WHAT TO DO: In the reply, give back exactly the lines from the one with "GYPSY JUNKIES WOMENS" through the last line of the records, without pictures.

Records from a collection:
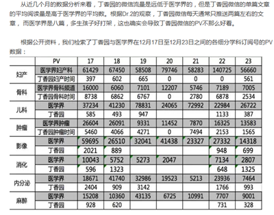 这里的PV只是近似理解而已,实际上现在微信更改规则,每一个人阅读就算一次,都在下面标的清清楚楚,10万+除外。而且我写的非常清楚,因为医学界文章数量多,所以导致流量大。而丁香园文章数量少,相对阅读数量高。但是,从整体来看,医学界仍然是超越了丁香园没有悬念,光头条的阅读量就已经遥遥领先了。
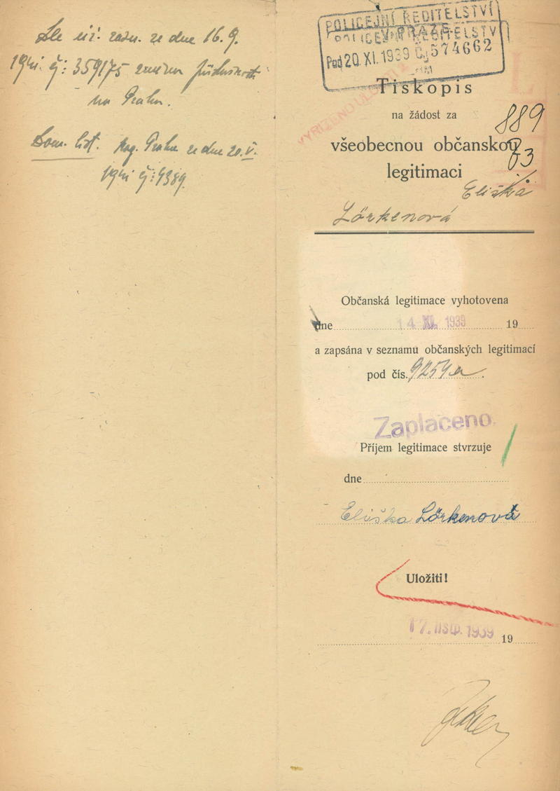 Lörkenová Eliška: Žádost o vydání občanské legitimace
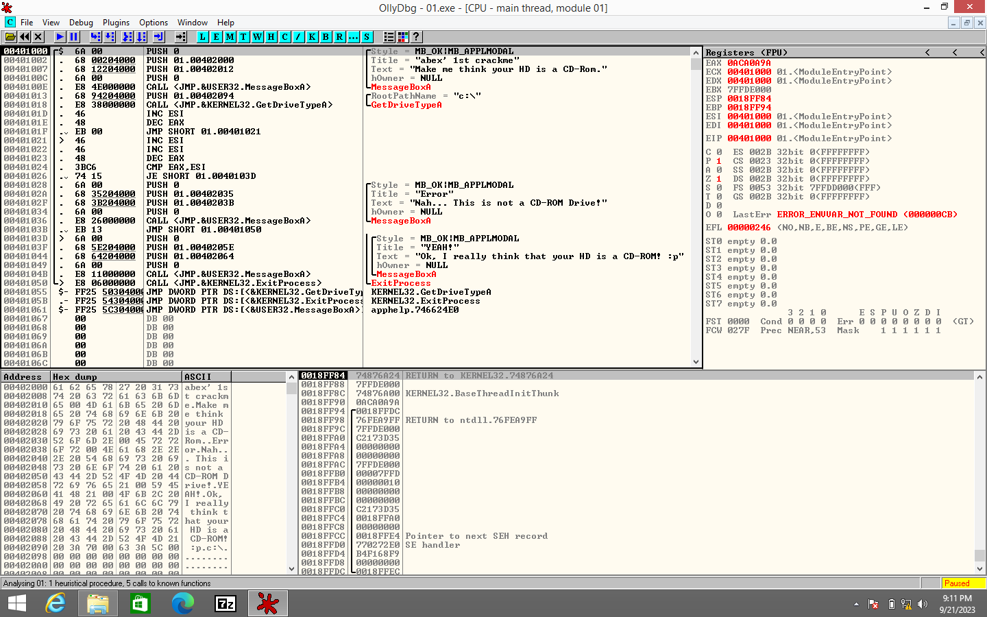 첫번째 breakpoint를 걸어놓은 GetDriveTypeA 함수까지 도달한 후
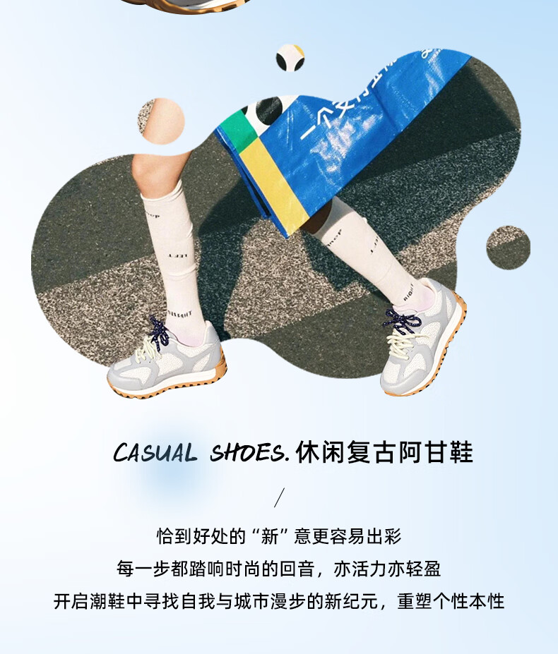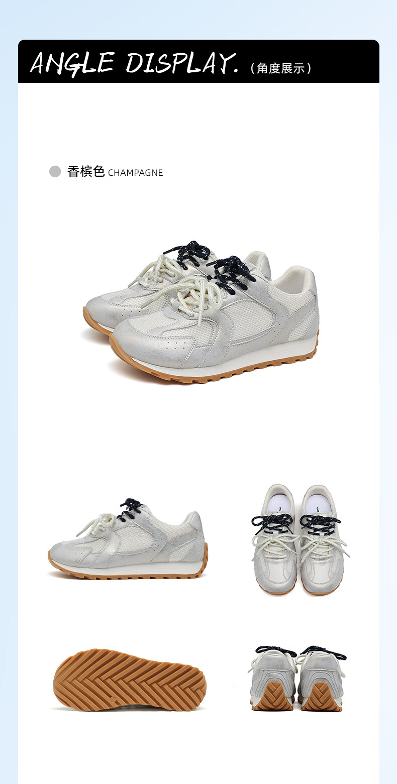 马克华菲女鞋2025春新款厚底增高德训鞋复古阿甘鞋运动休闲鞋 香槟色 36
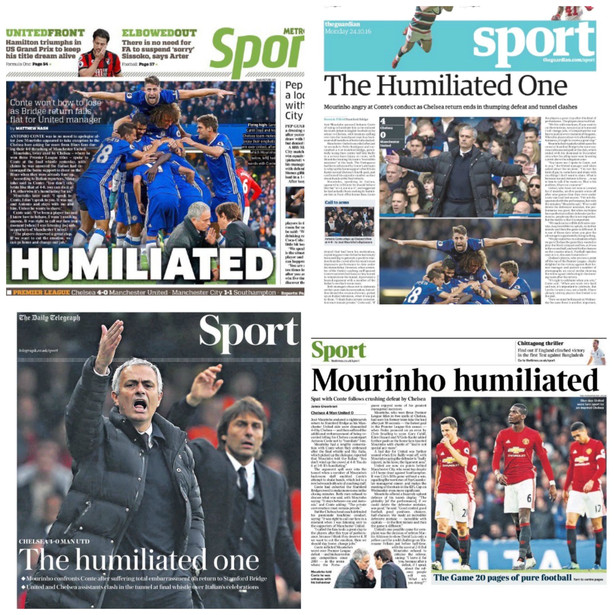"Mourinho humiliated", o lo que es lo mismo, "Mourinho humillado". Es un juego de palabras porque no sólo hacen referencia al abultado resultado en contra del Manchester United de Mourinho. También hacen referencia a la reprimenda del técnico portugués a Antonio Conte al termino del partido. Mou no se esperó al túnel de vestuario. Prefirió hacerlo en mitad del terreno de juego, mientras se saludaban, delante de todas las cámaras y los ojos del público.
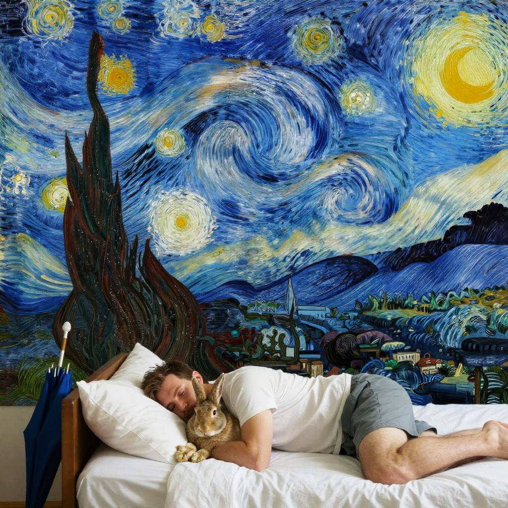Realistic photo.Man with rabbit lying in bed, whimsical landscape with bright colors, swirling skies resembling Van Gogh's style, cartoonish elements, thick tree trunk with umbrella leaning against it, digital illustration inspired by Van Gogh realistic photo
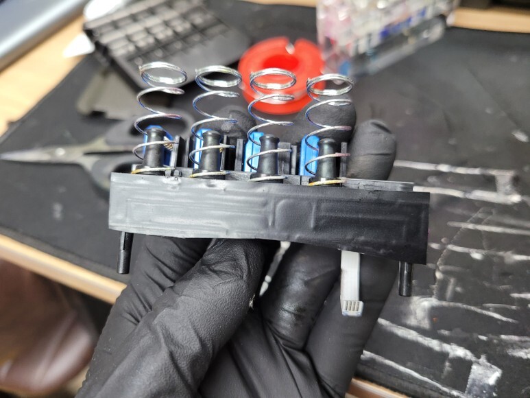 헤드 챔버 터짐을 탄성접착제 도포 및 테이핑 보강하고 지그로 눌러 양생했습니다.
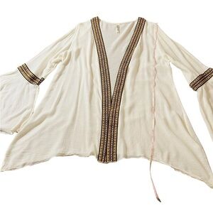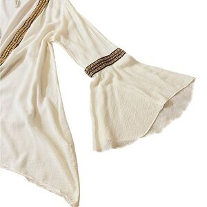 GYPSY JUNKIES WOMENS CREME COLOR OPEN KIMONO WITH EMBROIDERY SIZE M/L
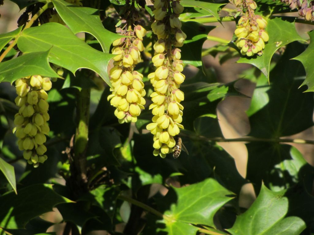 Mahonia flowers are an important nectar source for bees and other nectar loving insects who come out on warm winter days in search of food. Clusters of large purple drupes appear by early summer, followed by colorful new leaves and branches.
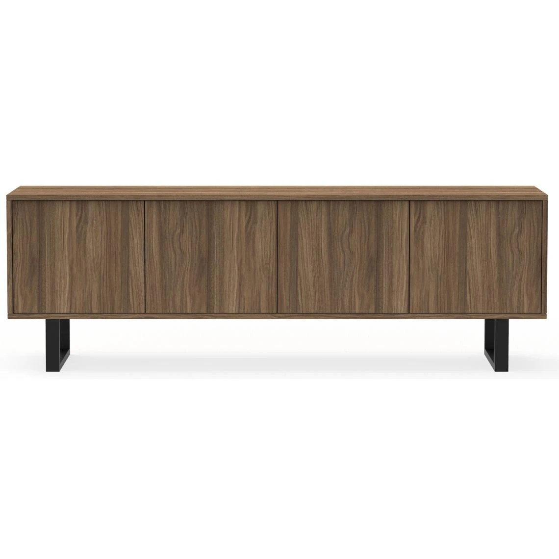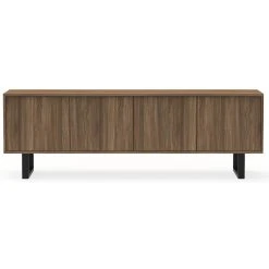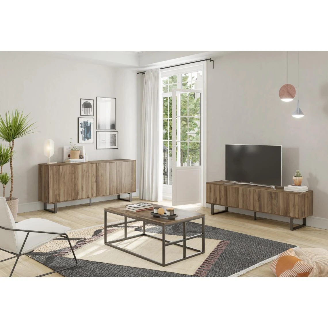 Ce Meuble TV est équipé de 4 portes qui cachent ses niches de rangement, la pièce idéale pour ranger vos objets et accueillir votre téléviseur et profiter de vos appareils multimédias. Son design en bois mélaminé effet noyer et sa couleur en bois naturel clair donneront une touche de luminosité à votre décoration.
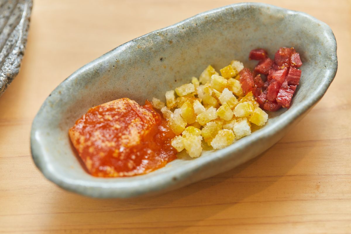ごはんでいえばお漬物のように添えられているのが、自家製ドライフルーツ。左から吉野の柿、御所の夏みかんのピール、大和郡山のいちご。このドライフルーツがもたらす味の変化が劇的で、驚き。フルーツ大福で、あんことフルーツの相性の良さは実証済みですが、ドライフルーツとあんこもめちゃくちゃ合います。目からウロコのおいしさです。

SOLVED EXERCISE:
 GYPSY JUNKIES WOMENS CREME COLOR OPEN KIMONO WITH EMBROIDERY SIZE M/L
 Mahonia flowers are an important nectar source for bees and other nectar loving insects who come out on warm winter days in search of food. Clusters of large purple drupes appear by early summer, followed by colorful new leaves and branches.
 Ce Meuble TV est équipé de 4 portes qui cachent ses niches de rangement, la pièce idéale pour ranger vos objets et accueillir votre téléviseur et profiter de vos appareils multimédias. Son design en bois mélaminé effet noyer et sa couleur en bois naturel clair donneront une touche de luminosité à votre décoration.
ごはんでいえばお漬物のように添えられているのが、自家製ドライフルーツ。左から吉野の柿、御所の夏みかんのピール、大和郡山のいちご。このドライフルーツがもたらす味の変化が劇的で、驚き。フルーツ大福で、あんことフルーツの相性の良さは実証済みですが、ドライフルーツとあんこもめちゃくちゃ合います。目からウロコのおいしさです。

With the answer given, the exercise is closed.